Published:  02:01 AM, 20 November 2017

Dhaka LitFest 2017 and our heritage


The Dhaka LitFest 2017 has just drawn to a close. The three-day affair was once more an occasion for writers in Bangladesh and from abroad to link up with readers and culture enthusiasts in this country. Indeed, such endeavours, which have been taking place for the past few years, are a strong hint of the cultural revival we in Bangladesh have been trying to bring to light, given that disappearing bookshops, shrinking reading space and a qualitative decline in books have been part of our cultural life in the recent past. New bookshops have been coming up, of course, but alongside there are the stories of all those other bookstores which have been vanishing under the euphemistically termed downsizing of these shops.

There is little question that we in Bangladesh are today in great need of presenting our literature, indeed our culture, in these post-modern times to the outside world. Where writers from India and Pakistan, or with an Indian or Pakistani background, have made their mark on global literature owing to the fact that they write in English and so reach wider audiences, we in Bangladesh have lagged behind in the field owing to our inability to present similar instances of writers and writing abroad.

To be sure, a new generation of young Bengali writers in English has been coming up, but it is only through exposure of the kind made possible by such occasions as the Dhaka LitFest that they can draw the attention of the world to their works. That is one important reason why we think the LitFest has been a boost to our cultural ambitions.

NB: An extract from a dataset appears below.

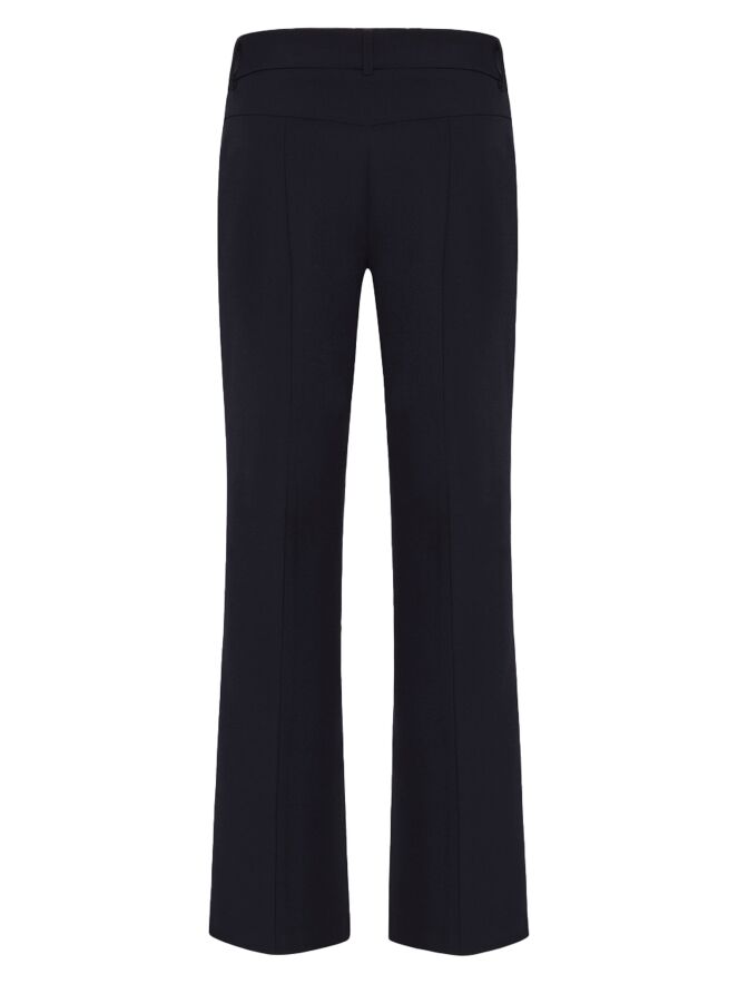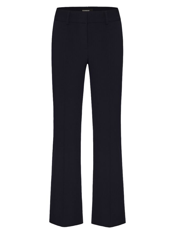 Eine Hose von Cambio in Marineblau. In der Mitte der Hosenbeine verläuft eine umgekehrte Naht. An den Seiten ist eine dekorative Ziernaht als Paspel eingearbeitet. Die Hose hat Seitentaschen und kann bei 30 Grad gewaschen werden.

There is too the larger reality, which is that good efforts must be expended in producing meaningful works on Bangladesh's literature and history in the English language in order for the country's cultural heritage to be reflected in a positive way abroad.

At the same time, with all the political, historical and literary works in Bengali which have regularly been the centerpiece at such occasions as the annual Ekushey Boi Mela, it is important that publishers undertake the task, through government support if necessary, of translating them into good, modern English --- of the kind that avoids stilted or old-fashioned expressions.

We cannot escape the fact that English happens to be a major means of connecting cultural dots, a truth which has so clearly been accepted by writers in our neighbourhood. If we wish to go beyond the platitudes of emphasizing our heritage over and over again, it is important that we look to English as the vehicle that will help us underscore our history and our heritage before the world.

The Dhaka LitFest 2017 was recognition once again of the importance Bangladesh has in terms of global perspectives. Let that recognition now translate, on our part, into concrete achievements.